# Main Guitar



## ArtDecade (Feb 25, 2010)

... now I know that this is sevenstring.org and that the focus is on sevens and extended range instruments, but do you think you could add "your main six" to the profile? I don't actually play a seven, but this is the best all around music forum and I can't see myself going anywhere else.  I just think it'd be nice to see what the other 6 string slingers (like myself) are playing in the side panel.

Thanks for your consideration.


----------



## HighGain510 (Feb 25, 2010)

ArtDecade said:


> ... now I know that this is sevenstring.org and that the focus is on sevens and extended range instruments, but do you think you could add "your main six" to the profile? I don't actually play a seven, but this is the best all around music forum and I can't see myself going anywhere else.  I just think it'd be nice to see what the other 6 string slingers (like myself) are playing in the side panel.
> 
> Thanks for your consideration.



A) That won't ever happen, as that would require the admin to code it and I don't think Alex would do that as it's not really something worth spending the time to do on here

and

B) If you really want to see what other guitars people are playing you can, you just need to click on their name, click view public profile, click the "about me" tab and scroll down to gear details.
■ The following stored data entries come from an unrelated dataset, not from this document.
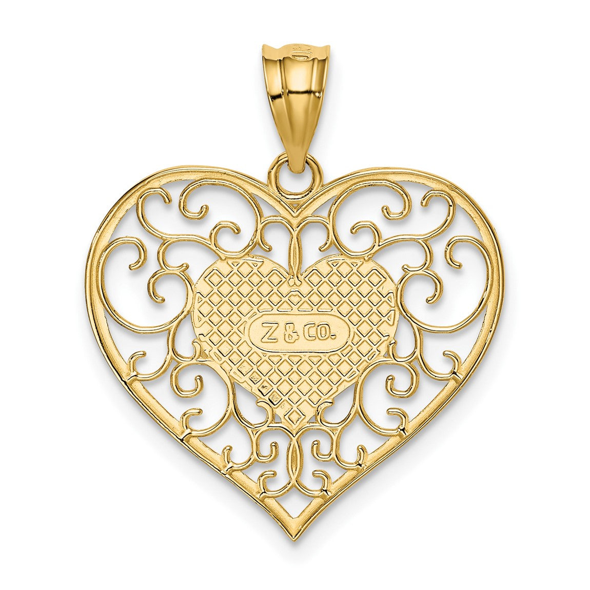 14k Yellow Gold Heart In Heart Polished and Filigree Pendant
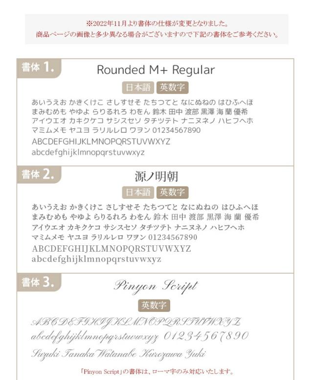 ![]() PCサイズ・1行刻印 2,700円 | ![]() PCサイズ・2行刻印 2,980円 | ![]() PCサイズ・上下1行ずつ刻印 2,980円 |
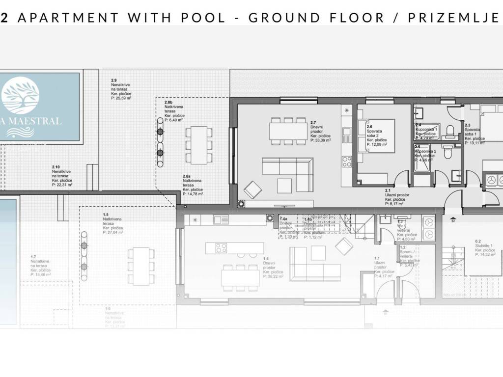 Stan se prostire na bruto površinu od 327,26 m², dok neto stambena površina iznosi 125,91 m². Sastoji se od prostranog open-space dnevnog boravka s kuhinjom i blagovaonicom, dvije udobne spavaće sobe, dvije moderno uređene kupaonice, ulaznog prostora i praktičnog vešeraja. Dodatnu vrijednost pružaju natkrivene i nenatkrivene terase, koje se savršeno nastavljaju na vanjski dio okućnice, gdje se nalazi vlastiti bazen površine 23,76 m², sunčalište, te lijepo uređena zelena i popločana površina, idealna za uživanje na otvorenom tijekom cijele godine.
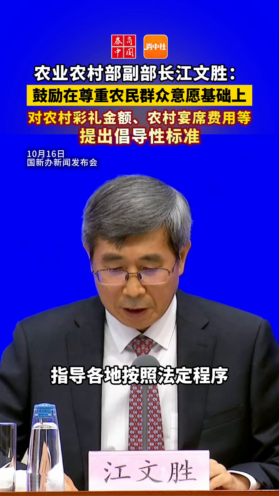 农业农村部副部长江文胜:鼓励在尊重农民群众意愿基础上,对农村彩礼金额、农村宴席费用等提出倡导性标准
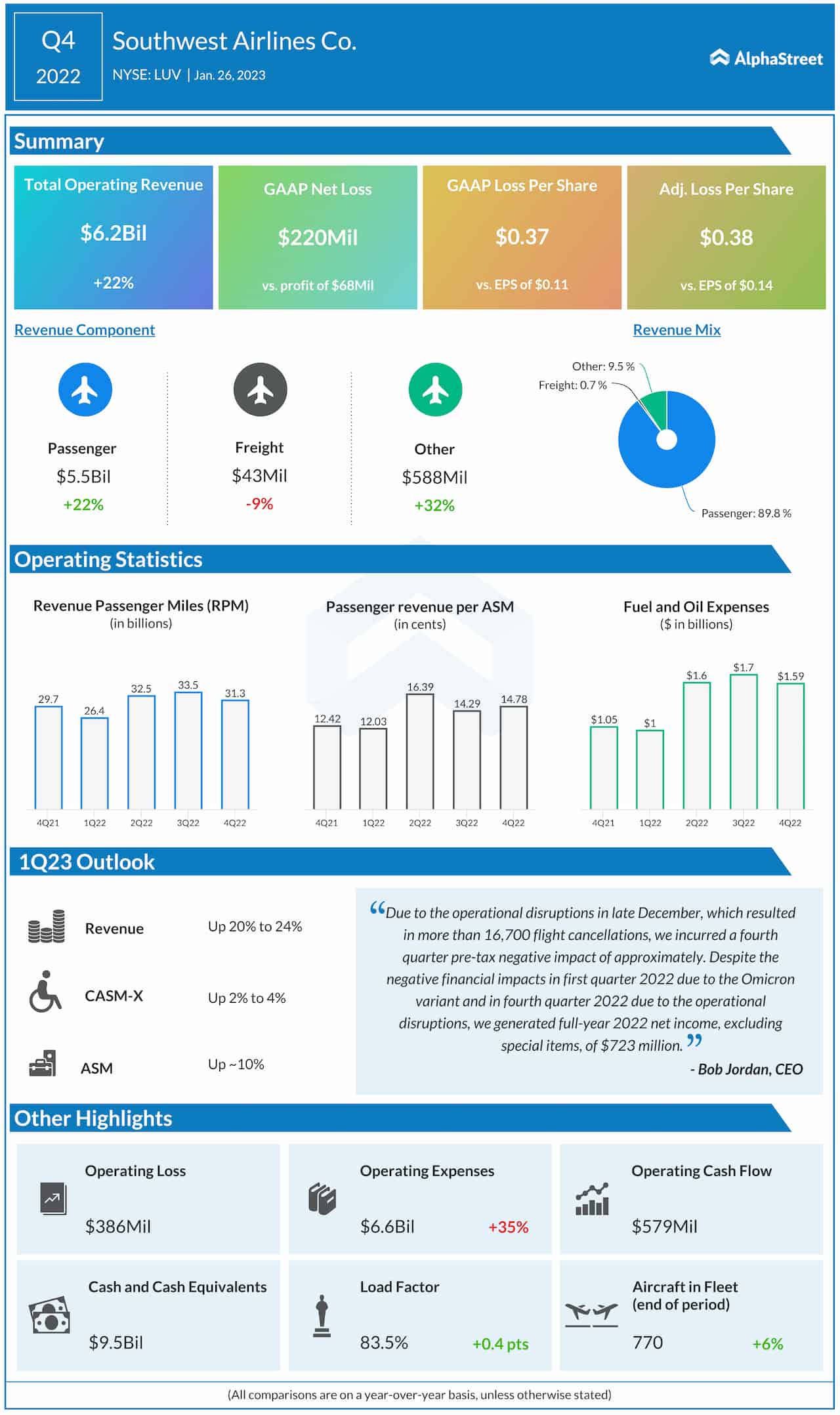 Southwest Airlines Co. (NYSE: LUV) on Thursday announced financial results for the fourth quarter of 2022, reporting a net loss and a double-digit increase in revenues.
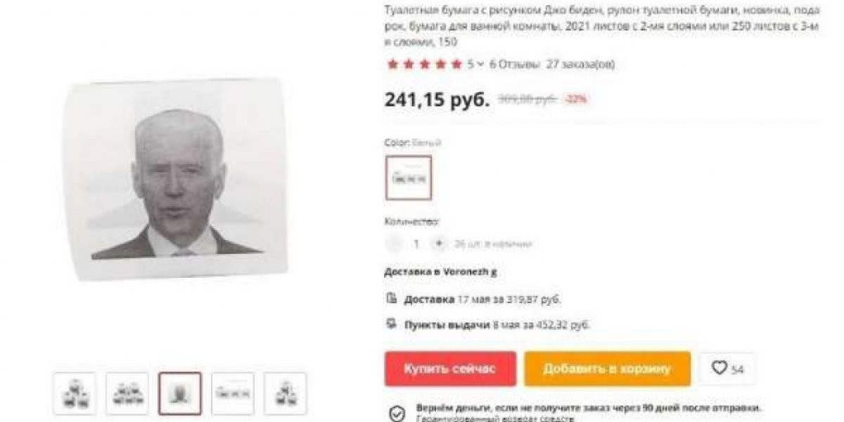 Подтереться Байденом можно недорого – всего за двести рублей. А вот для американцев удовольствие в разы дороже: почувствовать мягкость губ президента можно за восемь долларов на Amazon. Цена кусается, но покупатели находятся.
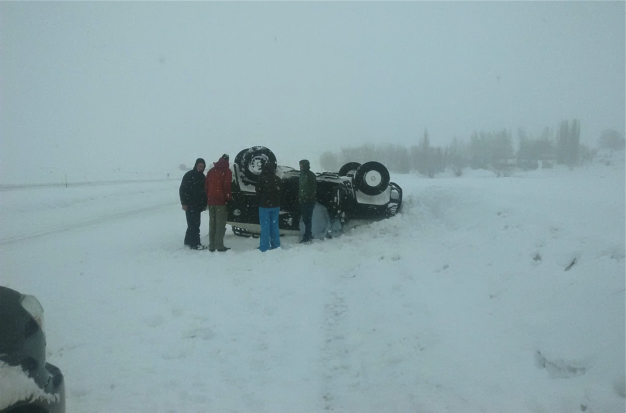 The lady was ok luckily. It was really hard to see the highway. It was almost a complete white out. And even while we were stopped helping this lady people were flying by us at high speeds with no chains or snow tires... I thought for sure I was gonna see someone die that day. There was a big rig and 2 other trucks that slid off the highway, but luckily no one we saw was badly hurt.
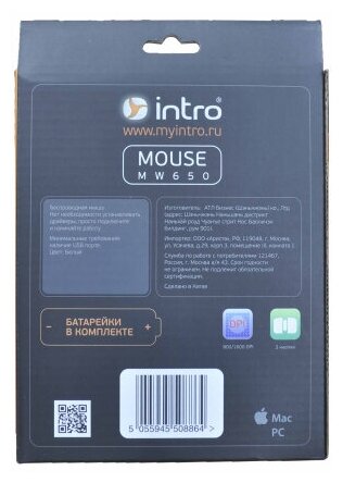 Беспроводная мышь Intro MW650 объединила в себе элегантный, утонченный дизайн, надежность и практичность. Внешне "грызун" напоминает манипулятор от Apple, Представленная модель позволит Вам избавиться от проводов и обрести максимальную свободу движений. За точное считывание перемещения практически на любых поверхностях, даже неровных, отвечает чувствительный оптический сенсор. Подключение к настольному компьютеру или ноутбуку производится при помощи ресивера, функционирующего на частоте 2.4 ГГц.
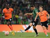 МИР Российская Премьер-Лига (РПЛ) 2023/2024. 9-й тур. Матч между командами "Краснодар" (Краснодар) - "Урал" (Екатеринбург) на стадионе "ФК Краснодар". Игрок команды "Урал" Мингиян Бевеев (второй слева) и игрок команды "Краснодар" Жоау Батчи (слева) во время матча.
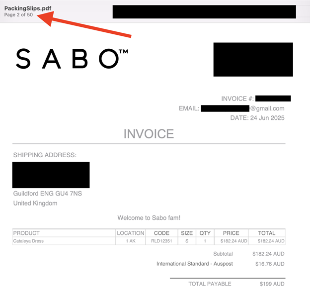 The publicly exposed database was not password-protected or encrypted. It contained 3,587,960.pdf documents with a total size of 292 GB. In a limited sampling of the exposed documents, I saw personally identifiable information (PII) (including names, physical addresses, email addresses, phone numbers, and more) corresponding to what appeared to be retail and corporate customers. In one single PDF file, there were 50 separate order pages, indicating that the total number of potential customers is higher than the total number of PDF files in the database. The records appeared to belong to an internal document management storage system that is used to track sales and returns, as well as the corresponding domestic and international shipping documents. The file dates ranged from 2015 to 2025.
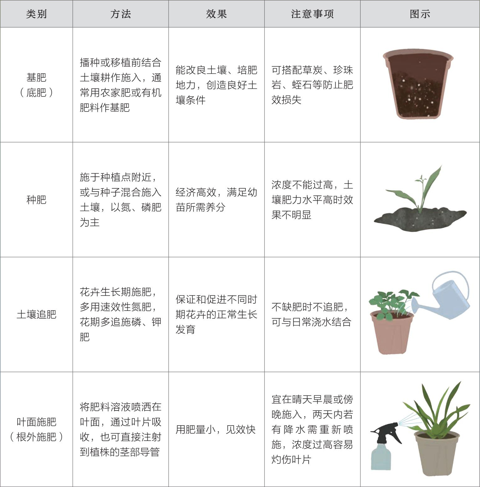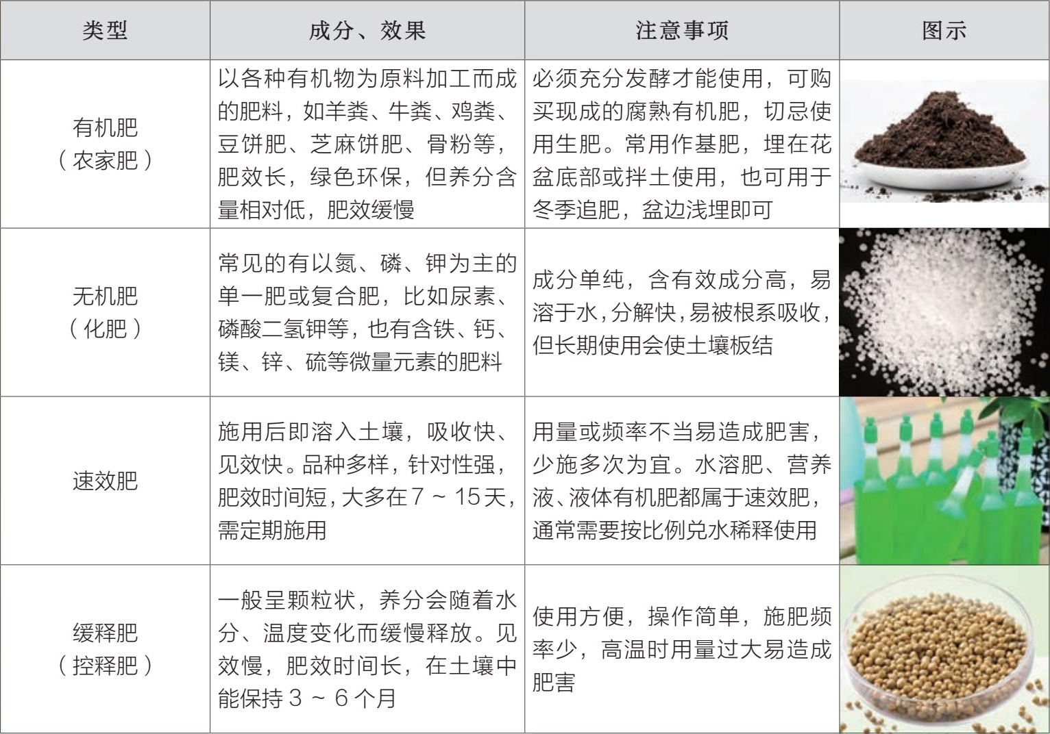 市面上售卖的各种绿植肥料,主要是由氮、磷、钾三大营养元素按比例配制而成的,分单一型和复合型。施肥时,应尽量减少使用单一元素肥,植物生长需要多种元素共同作用。如通用型肥料氮、磷、钾比例均衡,在开花期、成长期、花后期使用;促花型肥料磷、钾含量高,如磷酸二氢钾,在花芽分化及开花前后使用。此外,常用的还有硫酸亚铁,用于调节土壤酸度,适合喜酸类植物,如月季、蓝雪花、绣球、兰花、栀子、茉莉等;螯合铁用于预防缺铁黄化,增强光合作用。

The site is a haven MAINLY for 7-string guitarists (note the domain name ) so the MAIN focus is on 7-string guitars. They added the main ERG as this place brought the crowd from the ERG forum over here as well. Sure, not everyone plays a 7 here but since the vast majority do and that's the main focus of the site I don't really see the need personally to have it listed in two places when you can view someone's profile to view their 6'ers if you really want to.


----------



## ArtDecade (Feb 25, 2010)

Thanks, mate. 

A) I didn't know how much it would take to add Main Guitar underneath Main ERG, but I gather its more work than I thought. 

B) I know, I know, I know... Just being lazy


----------



## HighGain510 (Feb 25, 2010)

No worries dude, like I said it's more work than would probably get done so while it would be nice I don't see it happening...


----------



## Merlin_602 (Feb 25, 2010)

It is? I thought vBulletin was completely modular so you could just add a little snippet of php


----------



## technomancer (Mar 4, 2010)

Merlin_602 said:


> It is? I thought vBulletin was completely modular so you could just add a little snippet of php



You're new here, so let me explain it... the site owner does as little as humanly possible for this place, so if his interaction is required at all it's not going to happen.


----------



## Cheesebuiscut (Mar 5, 2010)

People could always just list their 6 string under the 7 string spot.


----------



## Chris (Mar 7, 2010)

Putting the custom fields in the left side literally takes all of 30 seconds. :\


----------



## CrushingAnvil (Apr 3, 2010)

technomancer said:


> You're new here, so let me explain it... the site owner does as little as humanly possible for this place, so if his interaction is required at all it's not going to happen.



 The beauty of this post is, Alex probably wont see it, and that's saying something since this is in 'Site News & Support'


----------